Material for the task.
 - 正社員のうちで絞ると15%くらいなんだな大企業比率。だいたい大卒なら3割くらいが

--

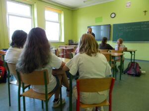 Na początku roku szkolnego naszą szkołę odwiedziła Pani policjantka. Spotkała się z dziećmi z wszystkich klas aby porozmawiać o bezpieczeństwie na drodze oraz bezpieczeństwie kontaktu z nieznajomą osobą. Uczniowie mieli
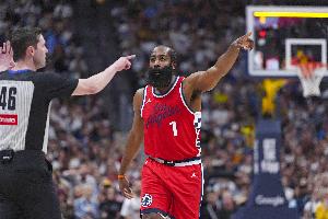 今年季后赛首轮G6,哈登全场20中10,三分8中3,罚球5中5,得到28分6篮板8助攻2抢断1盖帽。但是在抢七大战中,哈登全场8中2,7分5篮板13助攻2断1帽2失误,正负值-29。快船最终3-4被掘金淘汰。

What you need to do.
Using the data above, print only the lines starting at the one with "Na początku roku" and ending at the one with "今年季后赛首轮G6,哈登全场", exactly as they stand, minus the pictures.

Written response.
 Na początku roku szkolnego naszą szkołę odwiedziła Pani policjantka. Spotkała się z dziećmi z wszystkich klas aby porozmawiać o bezpieczeństwie na drodze oraz bezpieczeństwie kontaktu z nieznajomą osobą. Uczniowie mieli
 今年季后赛首轮G6,哈登全场20中10,三分8中3,罚球5中5,得到28分6篮板8助攻2抢断1盖帽。但是在抢七大战中,哈登全场8中2,7分5篮板13助攻2断1帽2失误,正负值-29。快船最终3-4被掘金淘汰。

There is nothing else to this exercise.